Associated Press, LOS ANGELES TIMES
A dozen states are banding together to ask the U.S. Supreme Court to block a California law requiring any eggs sold there to come from hens that have space to stretch out in their cages.
Missouri Atty. Gen. Josh Hawley said Monday that he plans to file a lawsuit on behalf of the states alleging that since California’s law took effect in 2015, it has cost consumers nationwide up to $350 million annually because of higher egg prices. The suit argues that California’s requirements violate the U.S. Constitution’s interstate commerce clause and are preempted by federal law.

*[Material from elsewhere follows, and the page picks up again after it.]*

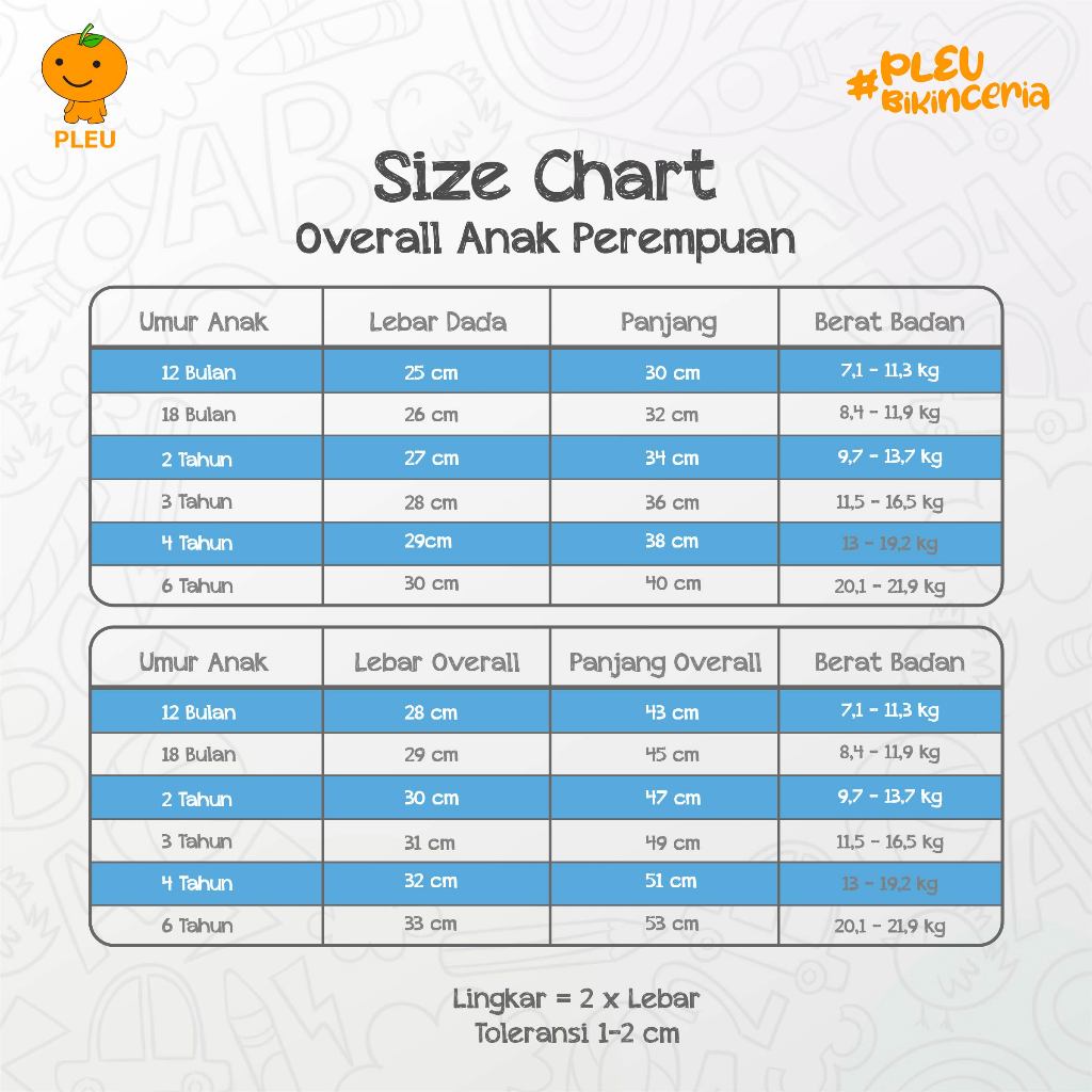 ● 4 tahun : Lebar Dada 29 cm, Panjang 38 cm, Lebar Overall 32 cm, Panjang Overall 51 cm, Berat Badan 13-19,2 kg

A federal appeals court panel rejected similar claims last year in a separate case brought by six states, ruling that they failed to show California’s law would affect more than just individual farmers. The latest lawsuit seeks to address that by citing an economic analysis of the California law. It also asks the Supreme Court to take up the case directly instead of requiring that it first move through the lower courts.
Hawley, a Republican who is running for U.S. Senate in 2018, is leading the lawsuit. Other plaintiff states are Alabama, Arkansas, Indiana, Iowa, Louisiana, Nebraska, Nevada, North Dakota, Oklahoma, Utah and Wisconsin. All have Republican attorneys general except Iowa, which has a Democrat.